The confidence interval can be calculated as \({\pm1.96*\hbox{SE} (\mathop{\hat{\theta}_j})}\) . For the IRT score estimate of 30, the confidence interval is 17–42 and thus considerably narrower than for the prior distribution.

At an IRT score of 30, MHC01 provides much more information than MHP01 (Fig. 1) and would thus be the logical choice for the next item. If the respondent answers a good bit of the time to this item (Fig. 3, row four) the function for this response is multiplied with posterior distribution 1 to produce posterior distribution 2 (row five). The IRT score estimate is now 29 with a 95% confidence interval of 21–36. If we had access to a large item bank and wanted more precision, we could continue to ask questions to continue to narrow the confidence interval.

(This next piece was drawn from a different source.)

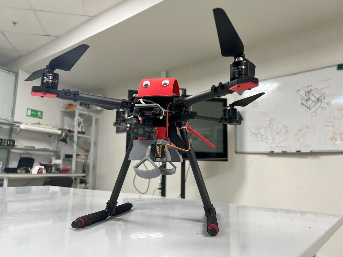 Беспилотник был оснащен автоматической системой взлета, следования к точке сброса и возвращения на исходную позицию, что позволило ему выполнять миссию без участия оператора, а сам сброс груза осуществлялся по команде человека. Кроме того, аппарат способен висеть в воздухе с грузом около часа, а поворотная камера на нем позволяет прицеливаться и точно сбрасывать груз.

If another respondent answers not at all to the first item, SF8MH, the CAT will take a different route (row two, right column). This response leads to an IRT score estimate of 58 with a 95% confidence interval of 44–74 (row three). In this score range, the MHP01 item provides more information and would be the logical choice. If the respondent answers most of the time to this item, the IRT score estimate after two items will be 57 with a 95% confidence interval of 46–70. Again, we can ask more questions to get more precision. However, the item MHC01 would be of little value or relevance here, since the respondent would be highly likely to select the response none of the time and the item would add very little information for this range of IRT scores (see Fig. 1). Although the two respondents answer different questions, their scores are on the same scale and can be compared no matter which or how many items from the item bank are answered.

While the sequence described above illustrates the principles of a CAT, further refinements to item selection techniques and stopping rules are possible (see e.g. [25]). For example, the item selection criteria of maximum information may be supplemented with selection criteria to ensure content balancing of the test (please see below). Also, other IRT scoring approaches than the EAP method may be used, e.g. weighted maximum likelihood estimation [26].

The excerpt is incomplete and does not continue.